И бросовое растение, радовавшее глаз, в бутылке очертаний изысканных – талия и бедра завлекательной женщины – тихо усохло.


Князь Белосельский, современник Екатерины Великой…

…говаривал: "Другие делали худое, а он худо делал хорошее".

Сидели в оркестровой яме музыканты, играли на дневных и вечерних спектаклях.

Громоздился над ними дирижер, попавший в яму по знакомству или недоразумению, что тоже возможно. Усердно махал палочкой, а музыканты играли, на него не глядя, – было незачем.

Возгордился.

Стал покрикивать, множить слова без понимания, чтобы следили за взмахами его руки.

Окружили в антракте, пригрозили:

– Не прекратишь указывать, станем играть, как дирижируешь.

И наступил мир в оркестровой яме.

Но кто высится над нами? Кто машет и машет палочкой, а мы живем, не взглядывая, ибо – отвыкли?

Нет мира в нашей яме, нет и команды "Отбой!", лишь разносится по морям-океанам:

– Спасите наши флотские души!

А сухопутные – что с сухопутными будет?..

Сын заканчивал медицинский факультет.

Молодые врачи произносили клятву Асафа га-рофе, Асафа-врача – еврейский вариант клятвы Гиппократа, где присутствуют такие слова:

"Не разглашайте тайн, доверенных вам;

не обходите стороной бедных и нуждающихся;

не выдавайте зло за добро, а добро за зло;

не идите путем колдунов, пользующихся заклинаниями;

не мстите врагу, если он слаб и болен;

да не будет у вас гордыни, не осквернятся самомнением сердца ваши…"

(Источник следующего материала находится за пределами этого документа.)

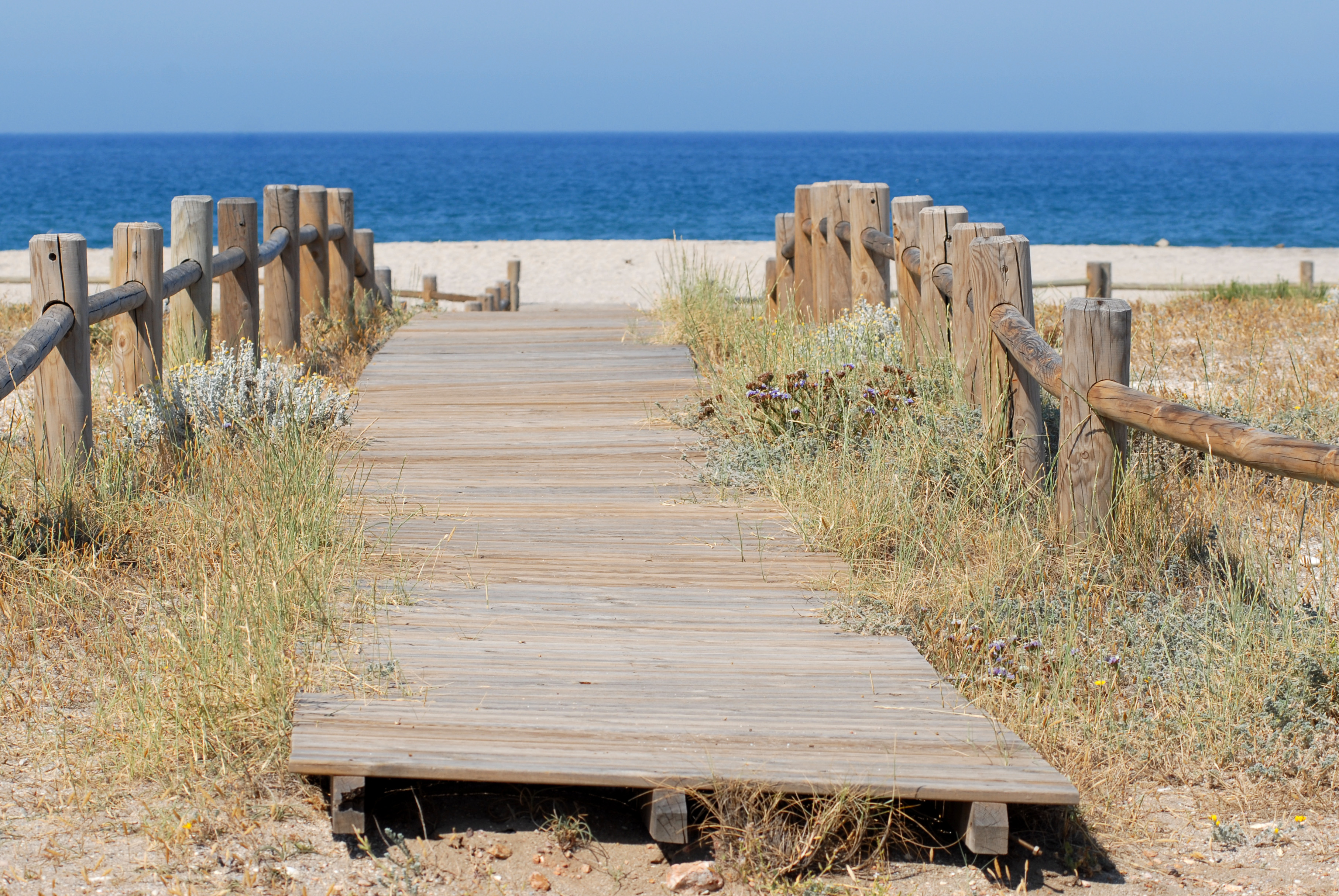 Beach in Cabo de Gata

Побывал на церемонии у сына, выслушал клятву Асафа-врача – тут же возник вопрос, каждому и себе:

– Клятва – отчего только у них? Почему прочие обходятся без этого?

"Укрепитесь в силе, не давайте вашим рукам опускаться, да пребудут в вас чистота, верность и правда…"


Ганнон, житель Карфагена…

…купил множество птиц, запер в темном помещении и научил говорить: "Ганнон – бог!" Затем выпустил птиц на волю, чтобы разнесли эту весть по миру, однако на свободе они всё забыли и снова стали чирикать.

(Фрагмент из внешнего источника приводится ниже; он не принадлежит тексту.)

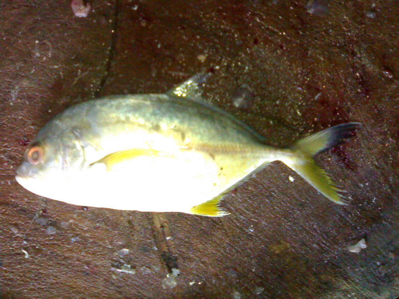 Some trevally from Carangidae family, probably Caranx heberi (per Kare Kare). Caught in the Coromandel Coast, photographed in a shop in Bangalore.

В давние времена, к праздникам, на здании Центрального телеграфа вывешивали исполинские портреты вождей. Шагали на Красную площадь колонны демонстрантов, кричали громкоговорители, выжимая возгласы одобрения, смотрели сверху, как оценивали, обладатели вселенской правды, соблазняя мечтами неисполнимыми, ими же отвращая.

"Появился М., – сообщил брат. – Был в Париже у родственников. Какое самое яркое впечатление? Самое яркое: на пляже одна очень хорошенькая девица похлопала его по груди, уважительно сказала: "Мужик‚ ГУЛАГ!"…"

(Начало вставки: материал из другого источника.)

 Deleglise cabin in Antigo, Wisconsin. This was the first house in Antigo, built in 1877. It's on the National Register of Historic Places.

– Что нам за дело до чужого безумия? – отмахнутся недальновидные граждане.

Ответит владеющий опытом:

– Безумие – разве бывает оно чужим? Безумие – оно заразительно.

У каждого народа своя память.

Свои дни радости и горя.

Здесь тоже, раз в году – флаги на окнах и балконах, флаги на машинах, флажки на военных кладбищах, на каждом могильном камне ко дню памяти солдат.

Портретов нет. Нет на домах портретов руководителей партии-правительства, нет их нигде. Парадов тоже нет, разве что пройдут по улицам – дружными полуодетыми рядами – представители иной сексуальной ориентации.

– Господи, – вздохнет старушка с тротуара. – Будто нет у нас иных забот…

Приехав в Израиль, разглядывал по телевизору здешних деятелей, пытался понять, что за люди правят страной. Не разбираясь поначалу в политике, прибегнул к помощи физиогномики, чтобы по чертам лица определить – кто есть кто.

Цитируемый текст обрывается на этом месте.